List of attributes page with the button to create a new attribute
  1. Define the type and value.
  2. Save it before running the batch process.
Create attribute form with code and value fields filled in

Then update the script so it uses the attribute placeholder:

/system identity set name="${teste}"
RouterOS command using a device attribute variable inside the script

If a selected router does not yet have the required attribute, MKController can stop and ask for the missing value before continuing. That prevents silent failures and helps you finish the batch with the correct data.

Prompt asking for a missing device attribute before continuing the batch update

Good practices before sending scripts at scale

A batch script is powerful, so it deserves a little discipline. Keep these habits in place:

  • Start with a lab device or a small pilot group.
  • Use one logical change per script whenever possible.
  • Save versioned copies of your .auto.rsc files.
  • Review commands for syntax and spacing before upload.
  • Confirm whether the change depends on per-device attributes.
  • Validate the result on real devices after completion.

Warning: Avoid bundling unrelated changes into one large script unless you have already tested the full sequence.
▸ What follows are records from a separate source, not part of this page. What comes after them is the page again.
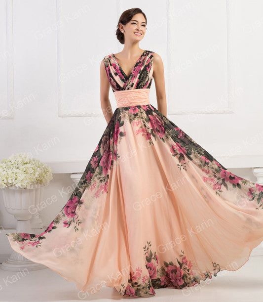 2016 New Halter Floral Print Evening Dresses Flower Pattern Chiffon Floor
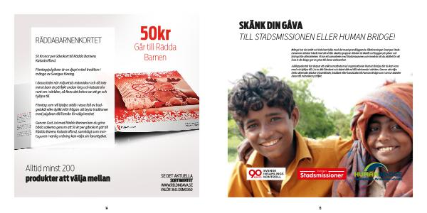 Julklappskortet har skapat ett unikt samarbete med organisationen Human Bridge där du kan vara med och hjälpa till . Lös in ditt Gåvokort och skänk ditt val till behövande i världen . Genom att välja detta alternativ skickar vi barnkläder , bäddset eller handdukar till Human Bridge som i sin tur skänker dessa till människor på flykt .
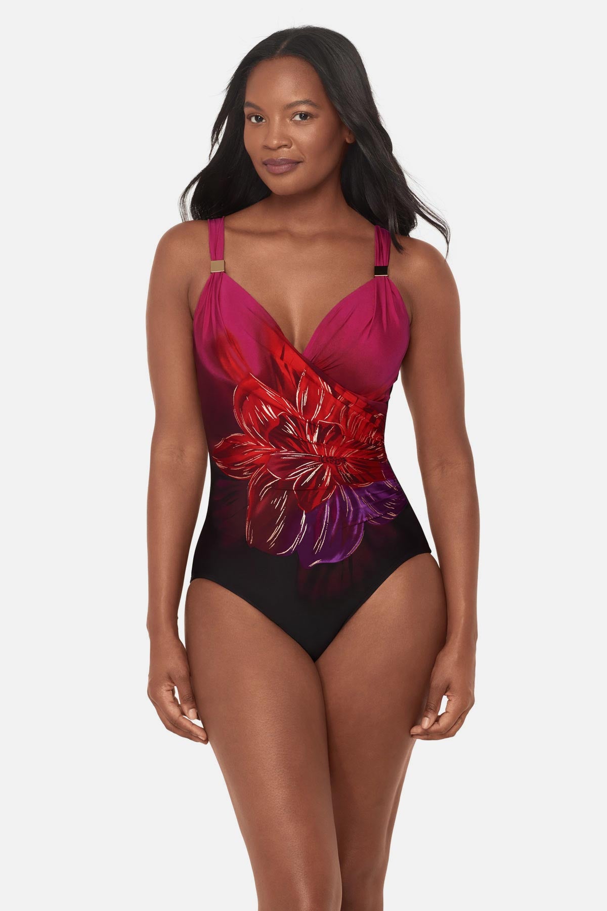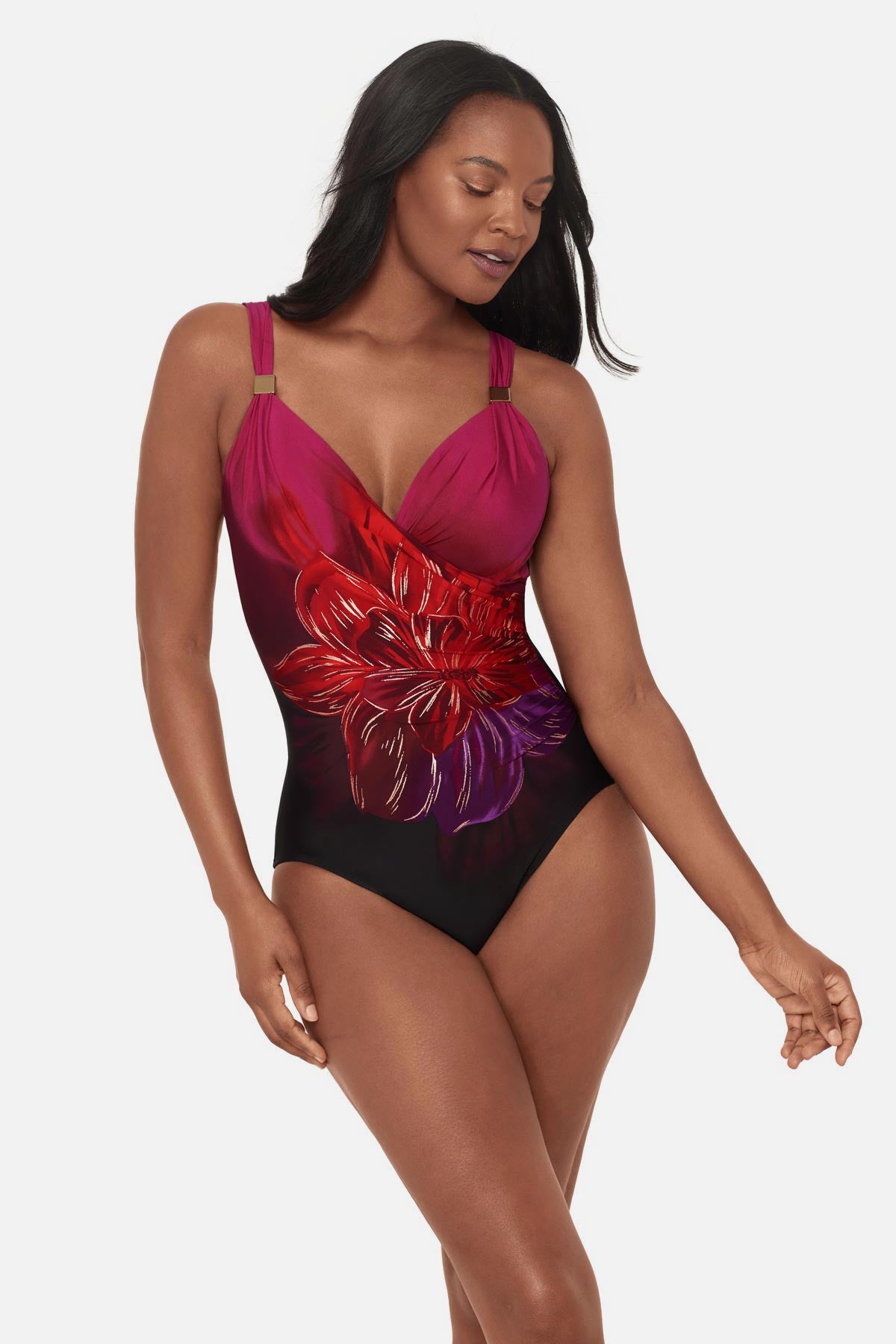 • Cleverly draped fabric conceals tummy, coordinating hardware detail at the strap
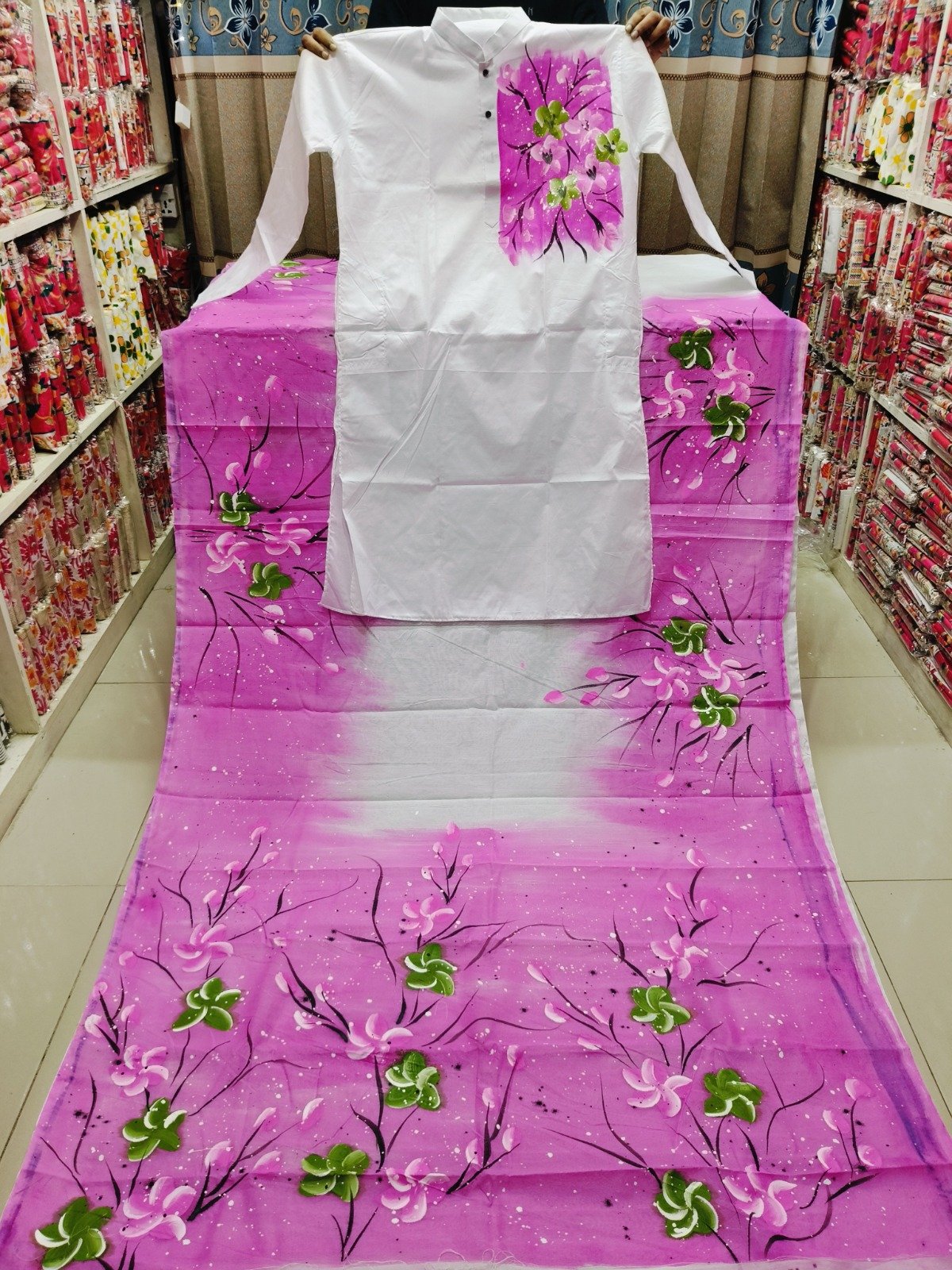 হাফ সিল্ক শাড়ি ধুপিয়ান সিল্ক পাঞ্জাবির সেরা কালেকশন  প্রোডাক্ট ডেসক্রিপশন শাড়ি : হাফ সিল্ক পাঞ্জাবি: ধুপিয়ান সিল্ক কাজ : হ্যান্ড প্রিন্ট তুলি . পাঞ্জাবি সাইজ-৪০,৪২,৪৪,৪৬ আধুনিক ও মান সম্মত ডিজাইন অরিজিনাল প্রোডাক্ট
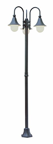 Shepherds hook style. A truly vintage look in turn of the century traditional street light charm. Goose neck lamp arm with flared bell shades. Industrial era outdoor fixture. Very functional.
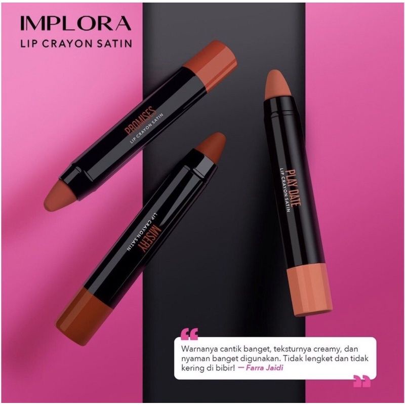 Implora Lip Crayon Satin dengan formula yang mengandung berbagai omega 3,6,9 dan Vitamin C yang berfungsi membantu menjaga kelembaban alami bibir hingga tampak memukau dan memberikan hasil akhir warna creamy / satin pada bibir serta tahan lama. Dengan ujung lip crayon yang mudah diaplikasikan ke bibir.
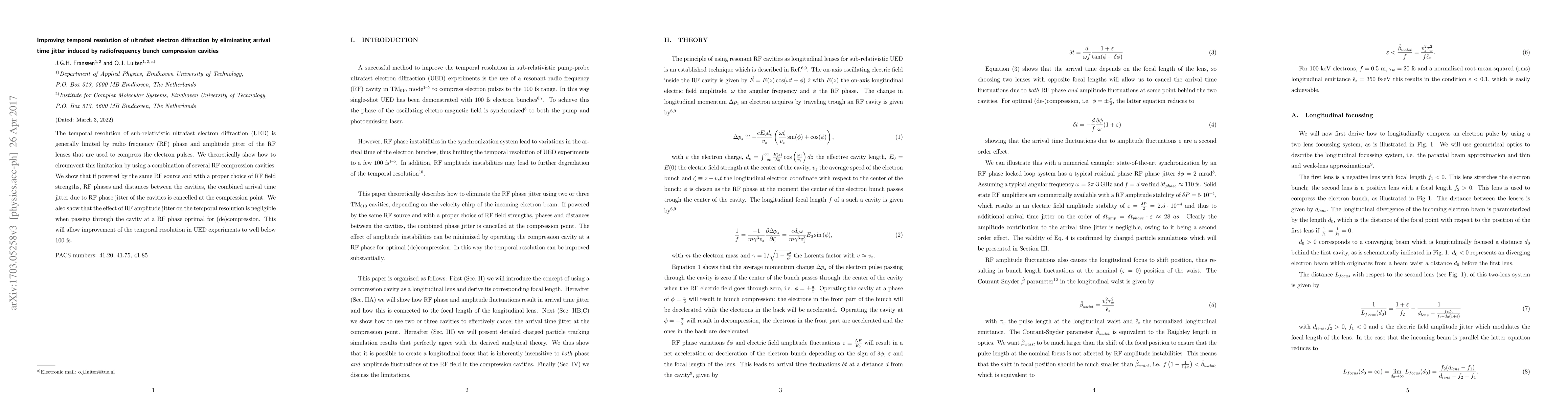 The temporal resolution of sub-relativistic ultrafast electron diffraction (UED) is generally limited by radio frequency (RF) phase and amplitude jitter of the RF lenses that are used to compress the electron pulses. We theoretically show how to circumvent this limitation by using a combination of several RF compression cavities. We show that if powered by the same RF source and with a proper choice of RF field strengths, RF phases and distances between the cavities, the combined arrival time jitter due to RF phase jitter of the cavities is cancelled at the compression point. We also show that the effect of RF amplitude jitter on the temporal resolution is negligible when passing through the cavity at a RF phase optimal for (de)compression. This will allow improvement of the temporal resolution in UED experiments to well below 100 fs.
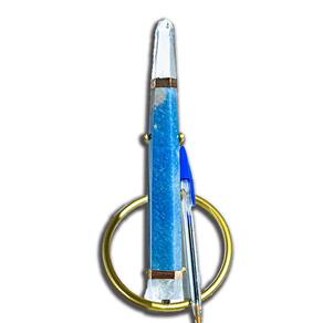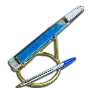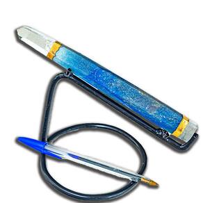 A base e a ponta de cristal adicionam um elemento de estabilidade e amplificação às energias do quartzo azul. A base, feita de cristal, atua como um ancoradouro, conectando-nos à terra e ajudando a equilibrar nossas energias durante o uso da varinha.
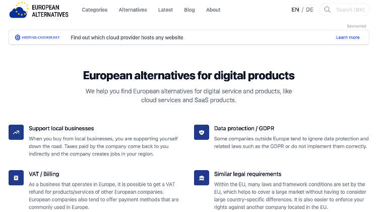 In de discussie over Europese digitale soevereiniteit lijken veel bedrijven en overheden te vergeten dat er wel degelijk veel cloud- en andere alternatieven zijn voor de producten en diensten van de bekende techbedrijven. Een nieuwe website brengt een aantal van deze alternatieven bij elkaar. European Alternatives is een project van Constantin Graf dat Europese alternatieven voor digitale diensten en producten, zoals cloud services en SaaS-producten, verzamelt en analyseert.
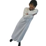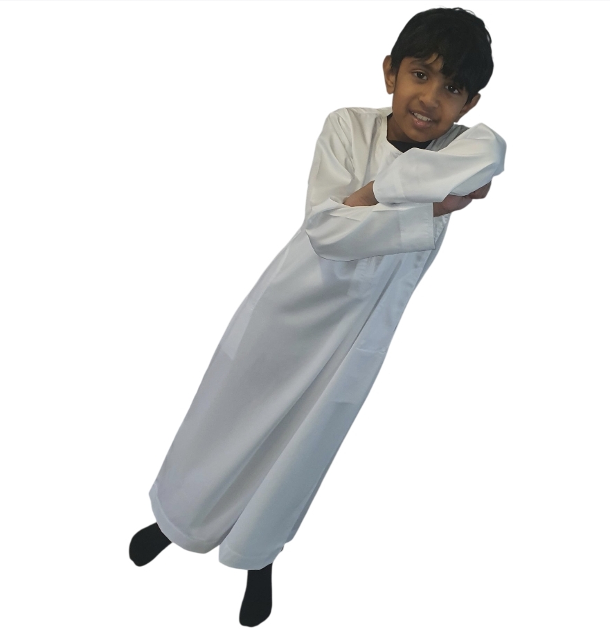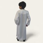 This elegant Omani-style boys thobe is designed for comfort and sophistication. Crafted from a premium shiny off-white fabric, it reflects a subtle sheen under light, giving a touch of luxury perfect for special occasions, Eid, Friday prayers, or family gatherings.
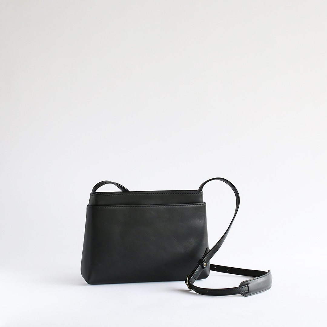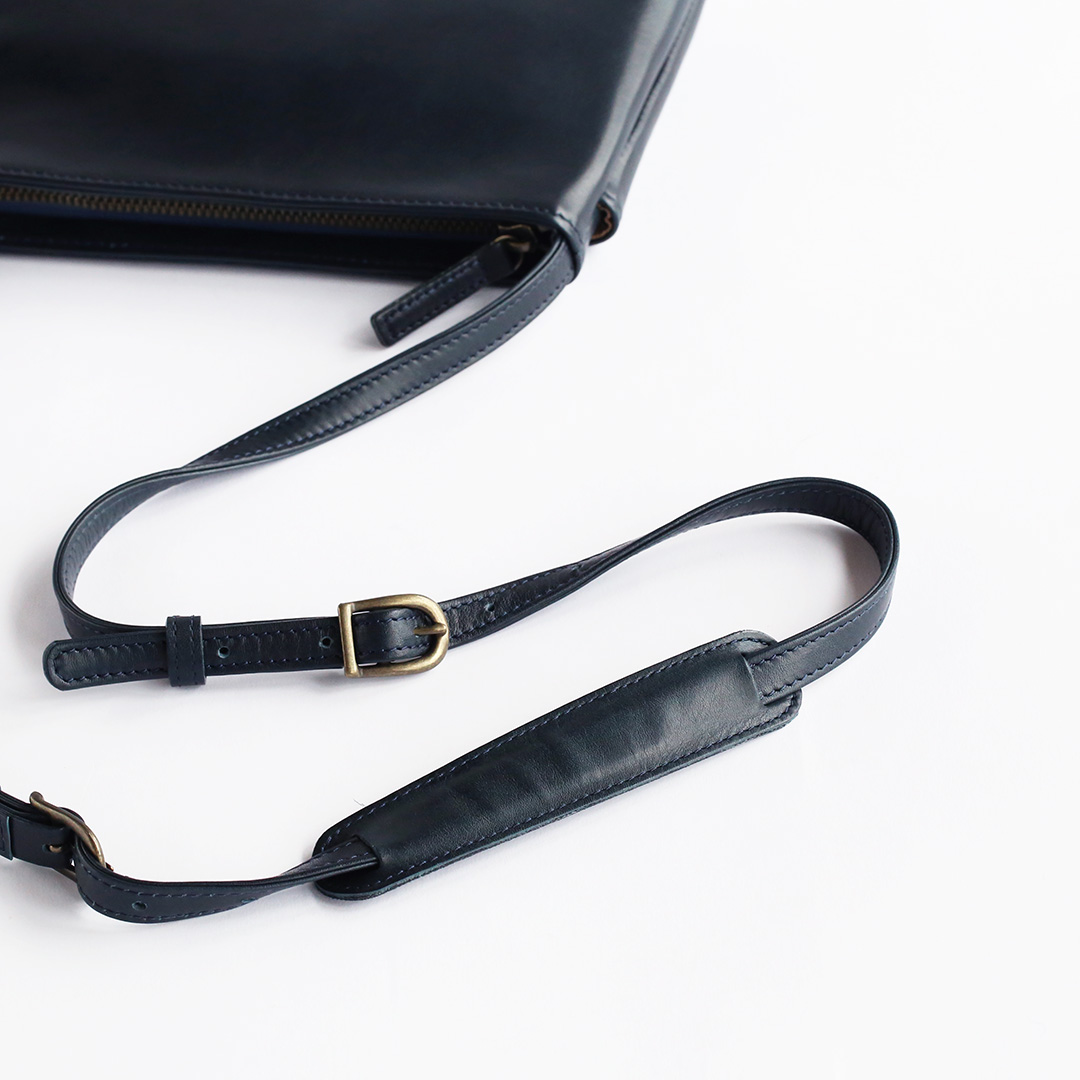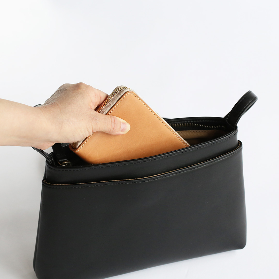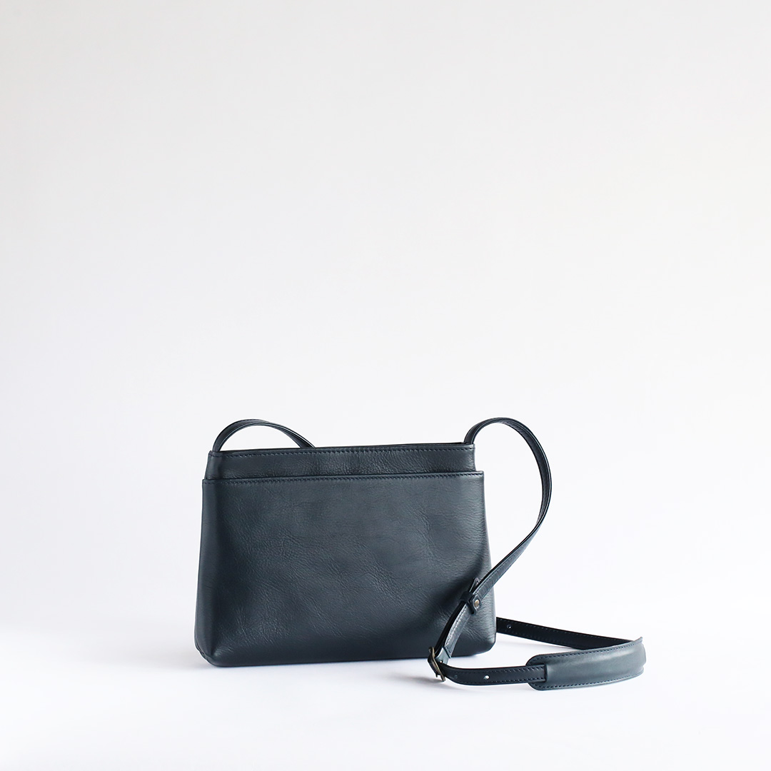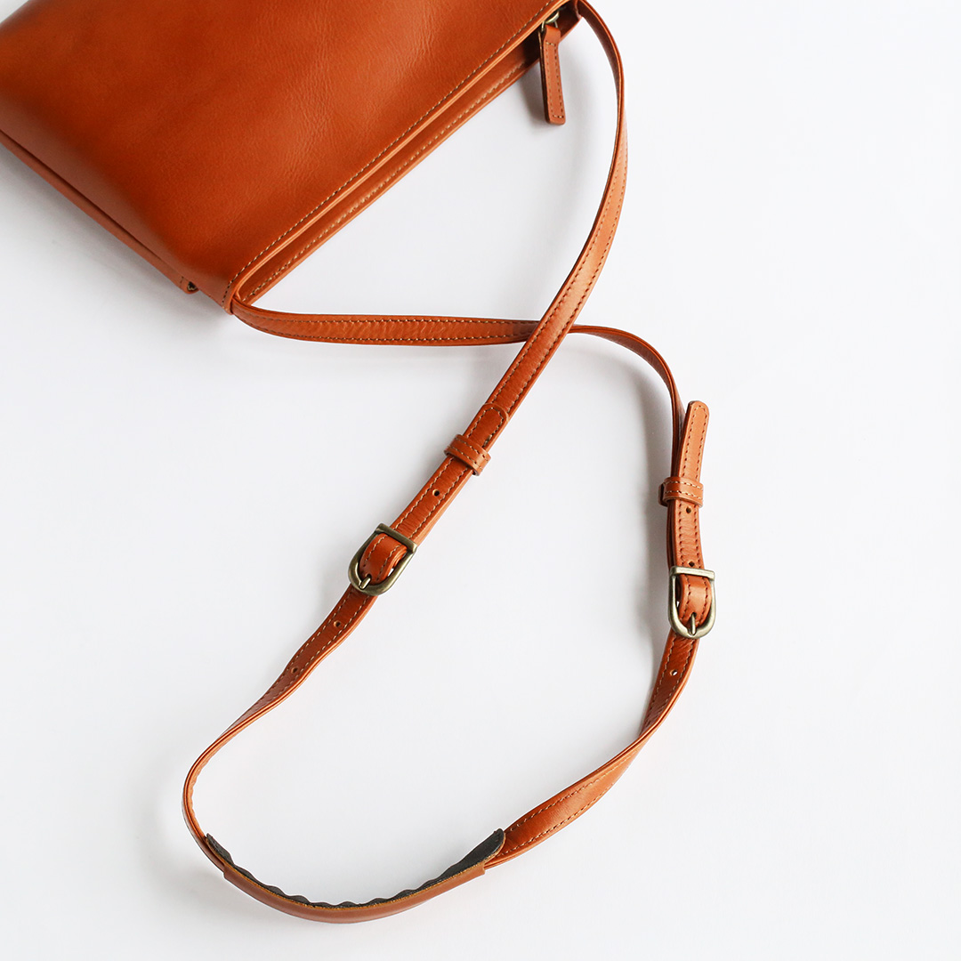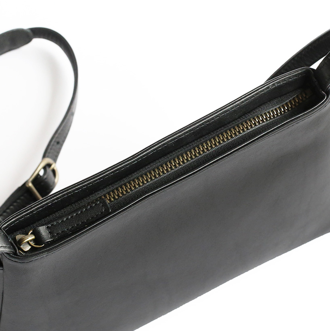 色移りや水濡れに強い特性を備えた牛革で製作したレザーサコッシュです。軽量で身体にフィットするスリムなデザインなので、気軽にいつでもどこでも持ち運んでいただけます。ブラック、ネイビー、ブラウン、キャメルの4色展開です。

Smaller batches are easier to roll back and troubleshoot.

Final thoughts

Bulk updates in MKController offer a practical way to standardize RouterOS changes across many devices without working one router at a time. The basic method is simple: write the command, save it as .auto.rsc, select the devices, upload the file, and track the operation. When values differ per router, attributes give you the flexibility to reuse the same script without losing control.

That combination of speed and structure is what makes the feature valuable. Less repetition. Fewer manual mistakes. Better visibility.